Inoltre, come già ricordava il collega Lettieri, è scomparso qualunque obbligo di separazione societaria nella prestazione dei servizi di investimento. È del tutto evidente, dunque, che l'impianto di questa prima parte, un impianto debole relativamente a materie così importanti, è destinato a proiettare pesanti ombre sulla credibilità complessiva del sistema e dei mercati finanziari italiani.
Il secondo versante è rappresentato dagli articoli dedicati al sistema delle authority. Si tratta di disposizioni che, di fatto, evidenziano una soluzione che ricalca sostanzialmente, salvo alcuni lievi aggiustamenti, l'assetto esistente: un assetto che non ha certo dato gran prova di sé, né in materia di tutela dei risparmiatori dai gravi scandali finanziari che si sono succeduti in questi anni, né in materia di garanzia della concorrenza e della trasparenza del mercato bancario. Così,
invece di procedere come aveva cercato di fare la Camera, peraltro non riuscendovi appieno, ad una riforma per funzioni del sistema delle authority, assegnando alla Banca d'Italia, insieme a COVIP ed ISVAP per le materie di loro pertinenza, la prerogativa di vigilare sulla stabilità del sistema bancario, trasferendo tutte le competenze in materia di concorrenza bancaria all'Antitrust e attribuendo competenze esclusive in materia di trasparenza ad una CONSOB rafforzata anche nelle disponibilità di organico, si è preferito, al contrario, riproporre un sistema misto, che di fatto perpetua un rapporto squilibrato tra le authority a tutto vantaggio della Banca d'Italia.

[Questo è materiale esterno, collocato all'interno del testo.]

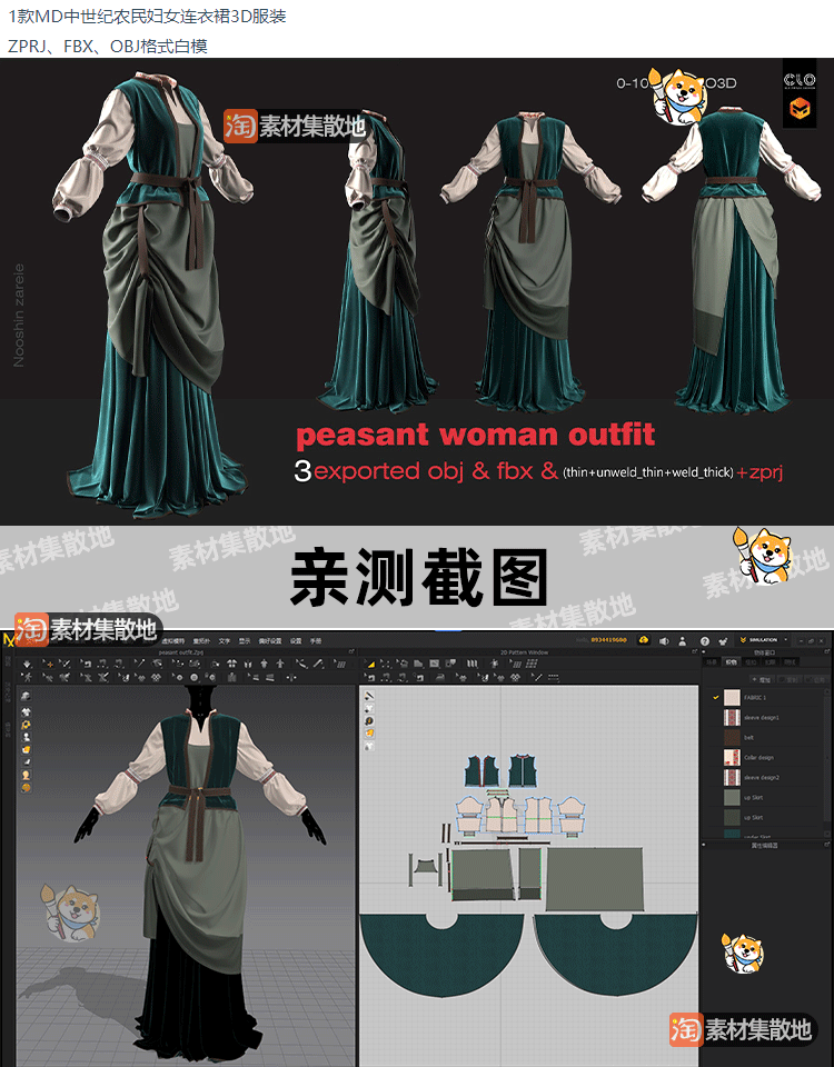 MD中世纪农民妇女套装CLO连衣裙服饰ZPRJ模型打版源文件3D服装OBJ
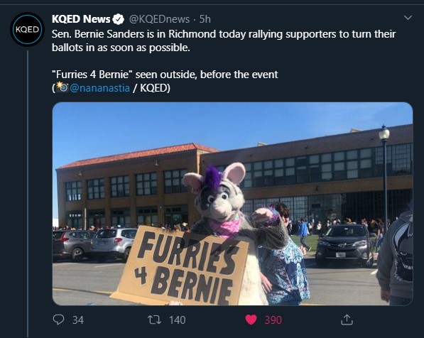 Furries Taking Sides in This Election Year Posted on 02/18/2020 by Ahmar Wolf From KQED’s own Twitter feed. Share this: Click to share on Pinterest (Opens in new window) Pinterest Click to share on Facebook (Opens in new window) Facebook Click to share on X (Opens in new window) X Click to share on Tumblr (Opens in new window) Tumblr More Click to share on LinkedIn (Opens in new window) LinkedIn Click to print (Opens in new window) Print Click to email a link to a friend (Opens in new window) Email Like Loading... Published by Ahmar Wolf I am interested in just about everything View all posts by Ahmar Wolf
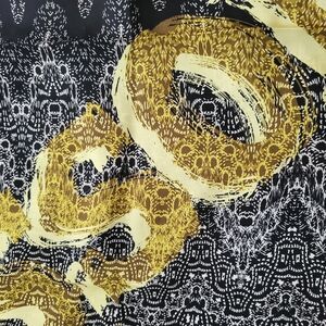 New with tag! Made in Italy, square silk scarf in black & white abstract print with diagonal yellow & olive designer name branding. Dry clean. Measures approx 35" x 35".
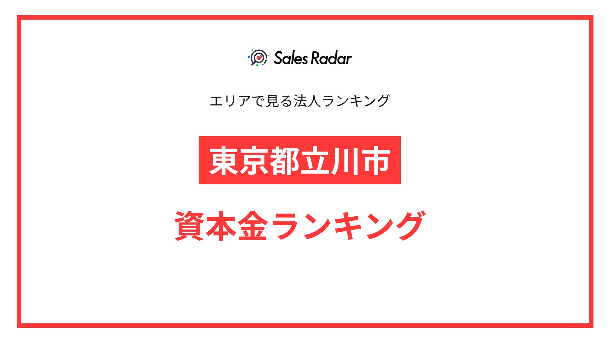 【2025年】エリアでみる法人ランキング「東京都立川市」資本金ランキング | SalesRadar DB ライブラリ
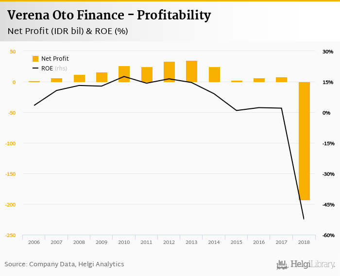 Verena Oto Finance made a net profit of IDR -193 bil in 2018, down 2,656% compared to the previous year. This implies a return on equity of -52.5%.
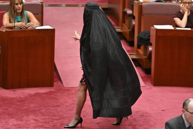 Pauline Hanson, de 71 anos, líder do partido minoritário anti-muçulmano e anti-imigração, One Nation, foi acusada de ter feito uma demonstração desrespeitosa na segunda-feira depois de ter entrado no Senado vestida com uma burca.
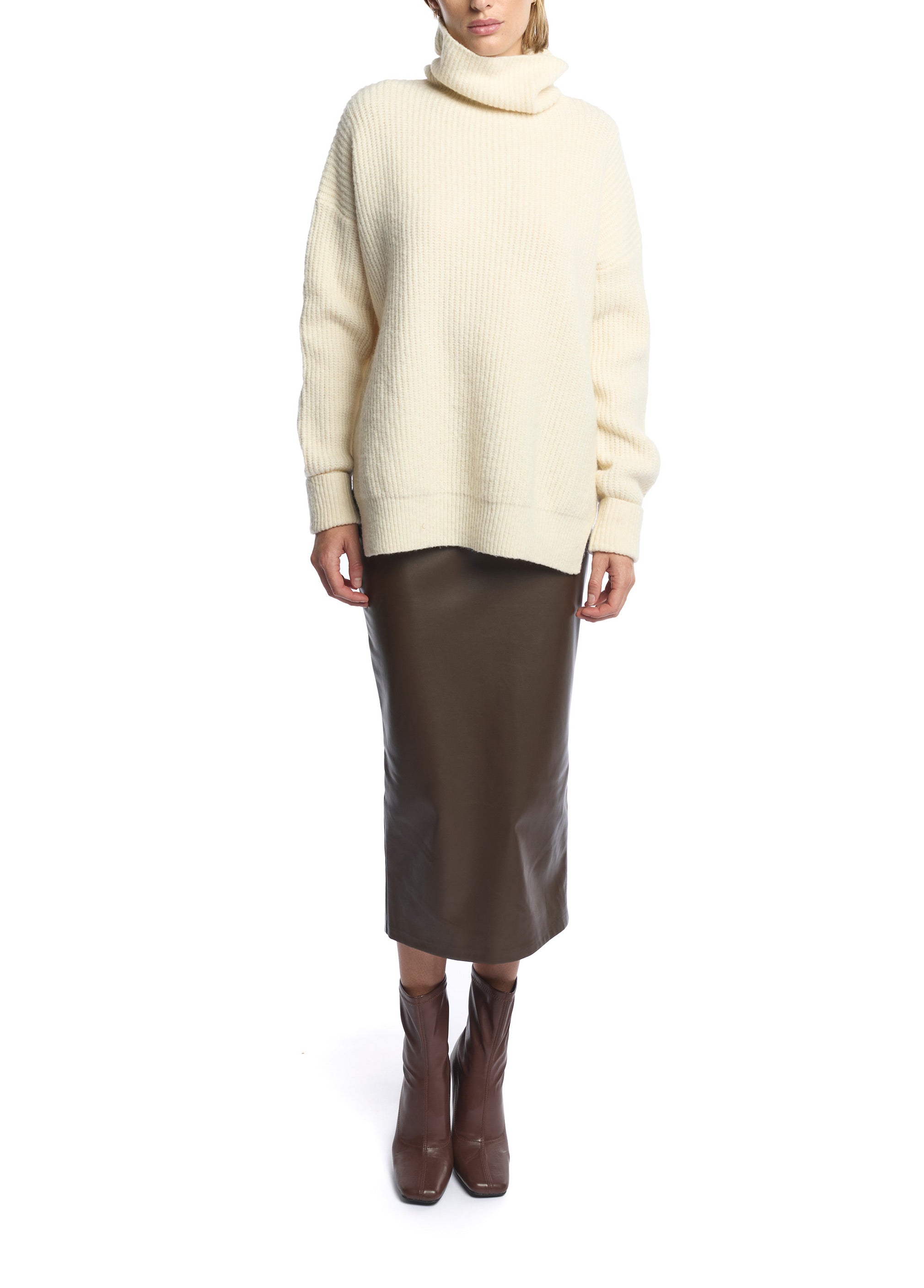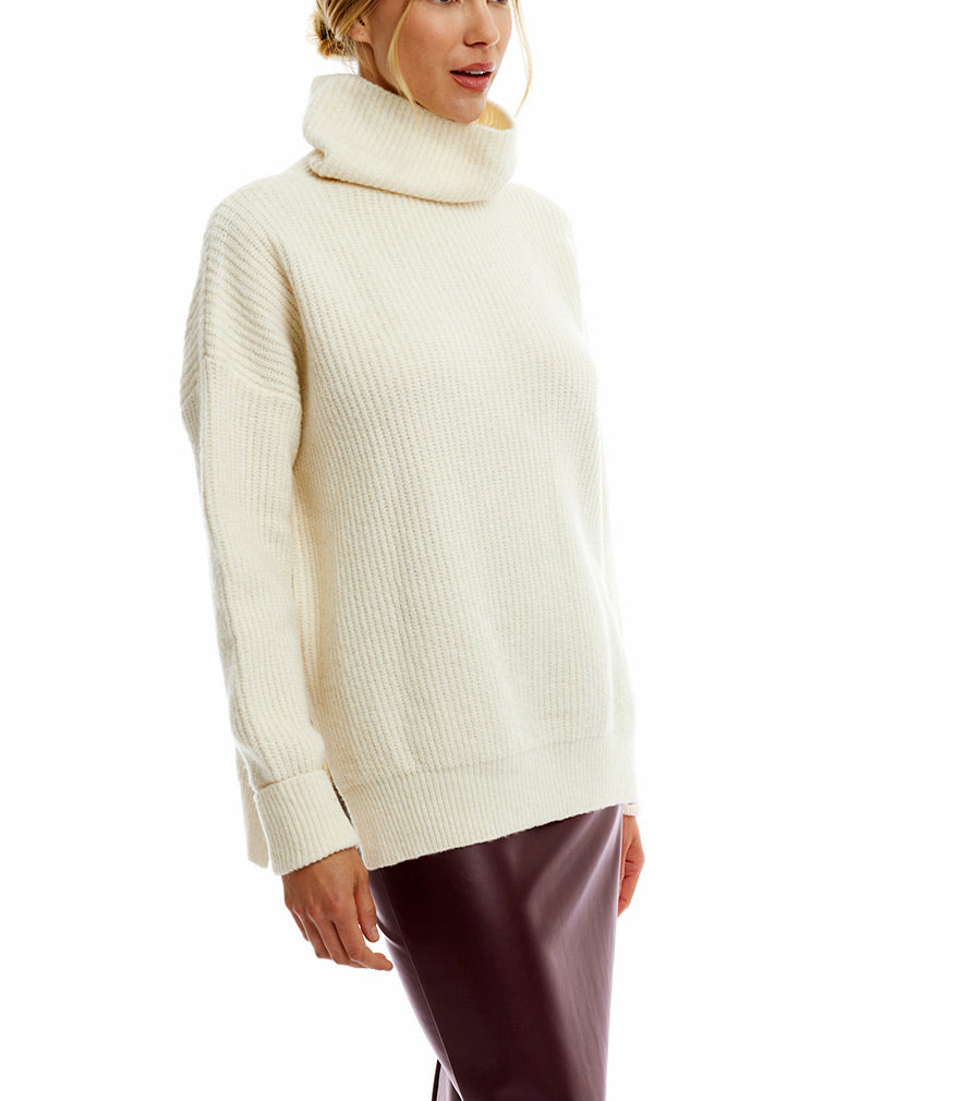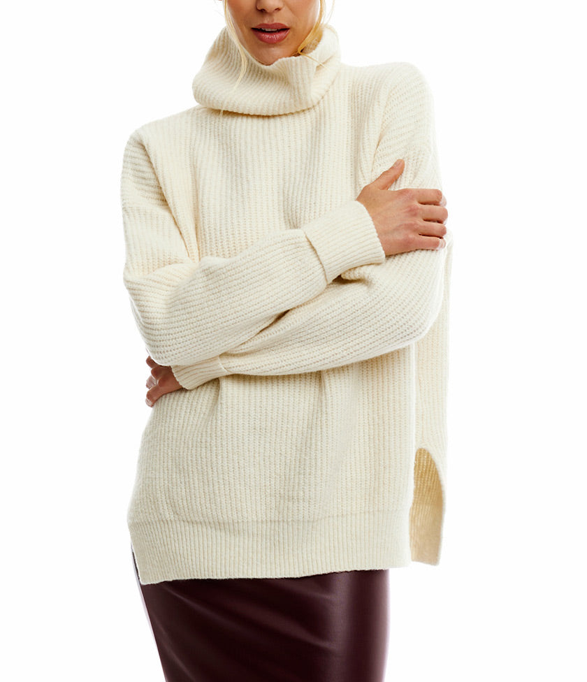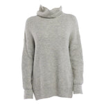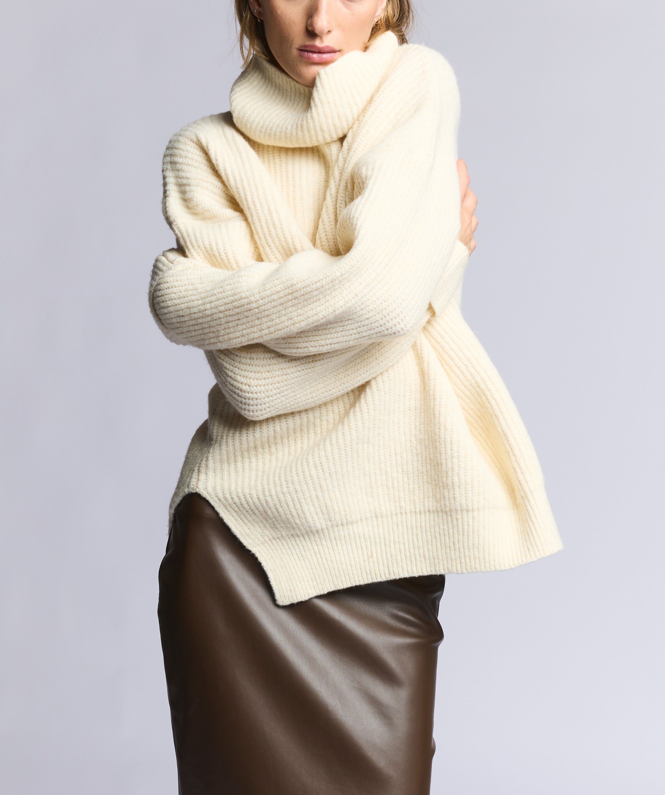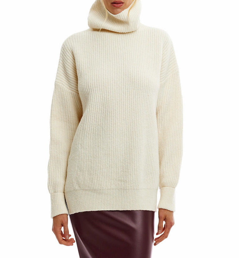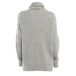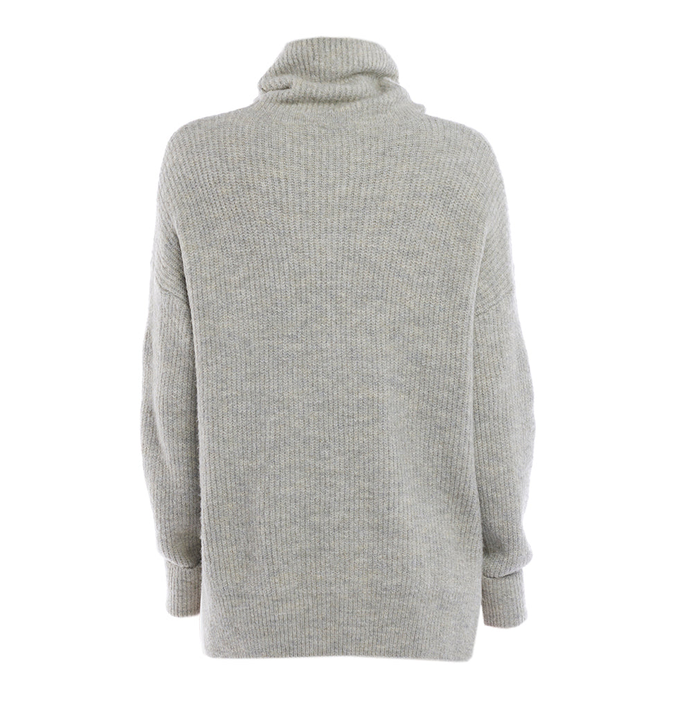 vegan knit, turtleneck sweater featuring long sleeves, a relaxed fit, small side slits and a drop shoulder seam in grey
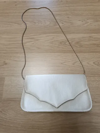 Elegante bolso de mano con un diseño moderno y sofisticado. Perfecto para complementar cualquier atuendo.lleva cadena larga en dorado en su interior - Acabado nacarado en blanco irisado - Detalles metálicos en dorado. - Asa curva rígida.
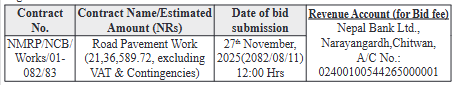 The National Maize Research Program, Rampur Chitwan, invites electronic Bids from Nepalese eligible bidders for the construction works given table below. Bidding is open to all eligible Bidders.
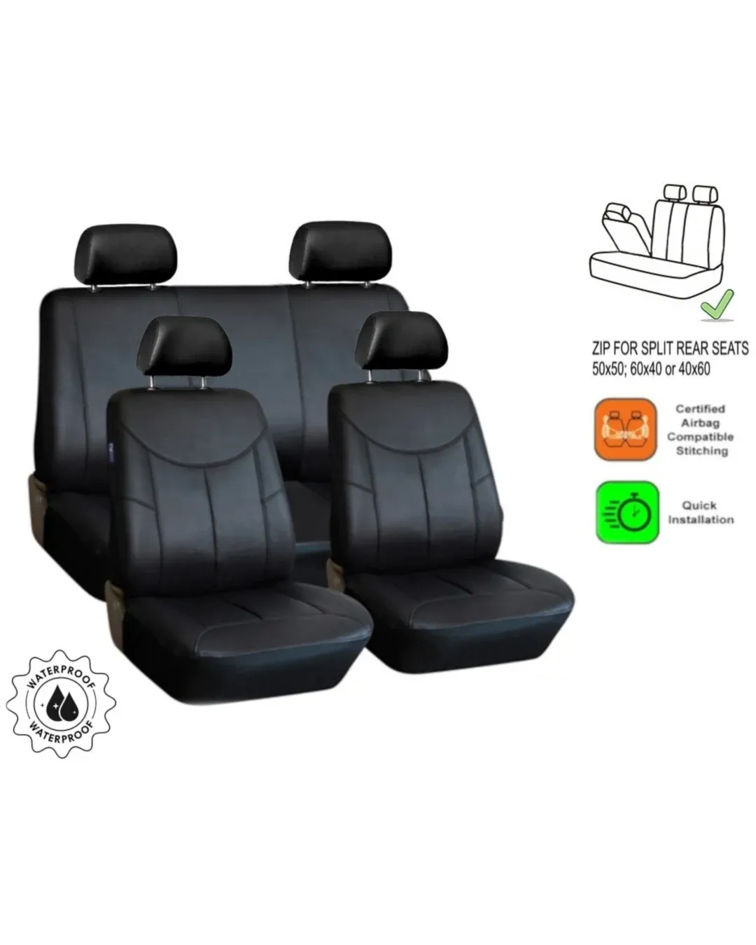 Тапицерията за задните седалки разполагат с 3 ципа, като съответно са подходящи за разделени седалки и покриват седалки от типа 50/50 или 60/40 или 40/60
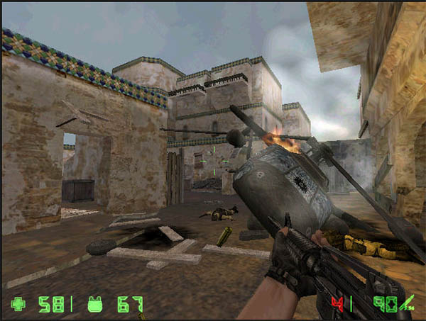 黑鹰已经坠落,伤亡是肯定有的,但仍然有几个三角洲队员深陷重围,“绝对不能让一个弟兄留下“!于是我开始拯救行动。我呆在燃烧着的黑鹰旁边,这时候敌人已经蜂拥着冲了过来,我端起了手中枪,嗒嗒几个点射。继续往敌人腹地挺进,来到一个房间,解决掉冲出来的两个敌兵,四周一看已经没有路了,我大骂一声一梭子子弹打在了墙边的几个木箱上,墙上一个破洞显了出来,就从这里过去,在铁架上得到炸弹,沿木板上到二楼,只见墙面上红光一闪一闪的,按动5号键可以设置炸弹,然后闪到一边把头一埋按动了手中的引爆器,轰隆一声,墙被炸出一个大洞,我刚刚探出头去观察,就见一束红光扫了过来,我连忙退了进来:狙击手!我装好弹作了一个深呼吸,闪电般冲了出去,子弹不停的呼啸射出,对面楼上发出一声惨叫,敌狙击手栽了下来!上到房顶,进入房间便找到一名三角洲队员,了解了附近的敌情和失散的战友,我们便冲了出去,不能让他牺牲掉,所以我冲在了前面。掩护他进了一个水塔,安全后我便继续搜寻其他失散的战友,旁边两扇木门不能打开,用枪将门后挡住的木箱打烂就可以通过了,来到大院,我军的直升机正要降落,但地面和高墙上全是敌兵,我换成了机枪愤怒的杀了过去,地面全部清除完毕,我在返身寻找队友,一辆吉普车冲了过来,车上跳下几个敌兵,好在我早有准备,枪枪爆头!在旁边的房间找到已经被俘的战友,这家伙看来是吓傻了,呆在原地不肯前行,我告诉他:有我在,一切OK!终于我们安全来到大院,黑鹰已经等候多时了...难点提示:打烂身边任何木箱!
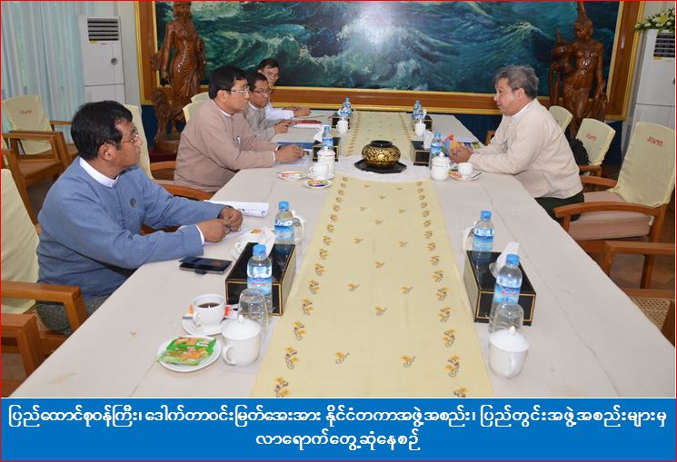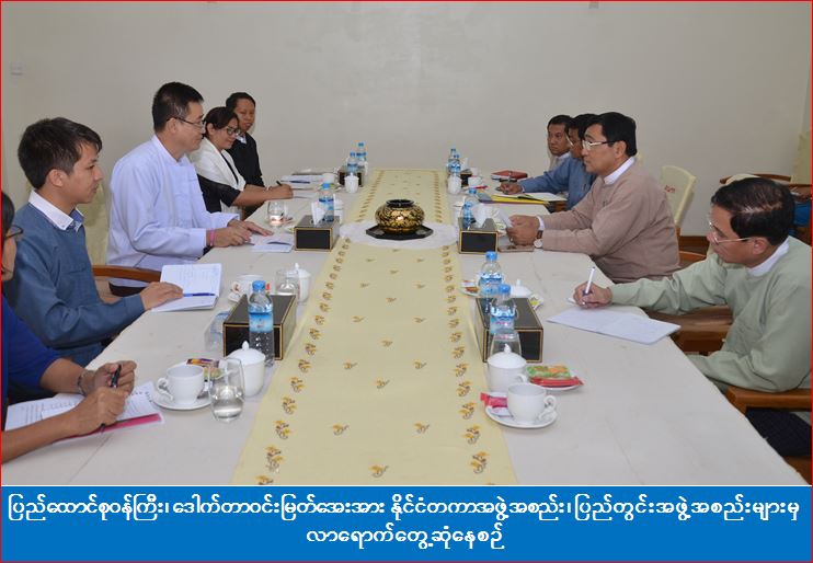 အလားတူ ( ၁၂:၀၀ ) နာရီအချိန်တွင် ပြည်ထောင်စုဝန်ကြီးအား မေတ္တာဖွံ့ဖြိုးရေးဖောင်ဒေးရှင်း အပါအဝင် ဒေသခံလူမှုရေးအဖွဲ့ (၉) ဖွဲ့ ပေါင်းစုဖွဲ့စည်းထားသည့် ပူးပေါင်းလုပ်ငန်းစဉ်အဖွဲ့၊ အတွင်းရေးမှူး ဦးဂွမ်ရှာအောင်း ဦးဆောင်သောအဖွဲ့မှ လာရောက်တွေ့ဆုံခဲ့ပါသည်။ ထိုသို့ တွေ့ဆုံရာ၌ ကချင်ပြည်နယ်နှင့် ရှမ်းပြည်နယ်ရှိ နေရပ်စွန့်ခွာရွှေ့ပြောင်း နေထိုင်သူများအတွက် လူသားချင်းစာနာထောက်ထားမှုအကူအညီ ပံ့ပိုးရေးကိစ္စရပ်များ၊ ပြည်သူများ ဘေးကင်းလုံခြုံစွာဖြင့် နေရပ်ပြန်လည်ပို့ဆောင်ရေးနှင့် ပြန်လည်ထူထောင်ရေးအတွက် ပြည်တွင်း၊ ပြည်ပအဖွဲ့အစည်းများနှင့် ပူးပေါင်းဆောင်ရွက်ရမည့် လုပ်ငန်းစဉ်များနှင့် စပ်လျဉ်း၍ ရင်းနှီးပွင့်လင်းစွာ ဆွေးနွေးခဲ့ကြပါသည်။
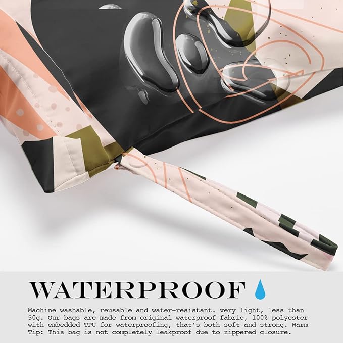 • WATERPROOF - Machine washable, reusable and water-resistant. very light, less than 50g. Our bags are made from original waterproof fabric, 100% polyester with embedded TPU for waterproofing, that’s both soft and strong. Warm Tip: This bag is not completely leakproof due to zippered closure.

Inoltre, nel merito dell'articolo 19 non si può non rilevare come la soluzione prospettata non tenga in alcun conto - del resto, lo riconosceva, almeno parzialmente, anche il relatore Saglia - le osservazioni formulate dalla BCE, in particolare sulle questioni relative alla collegialità delle decisioni della Banca d'Italia.
Anche con riferimento a tale profilo, ripresenteremo in Assemblea gli emendamenti respinti in Commissione, che riconducono la decisionalità al direttorio della Banca d'Italia, con la presenza del Governatore. A proposito del Governatore, lo ha ricordato il collega Lettieri, se è vero che il testo approvato dal Senato fissa in sette anni la durata in carica, si deve altresì ricordare che ciò non ha alcun effetto pratico sulla situazione di Antonio Fazio, uscito di fatto vincitore da una prova di forza con un Governo che lo ha più volte sfiduciato senza cavare un ragno dal buco.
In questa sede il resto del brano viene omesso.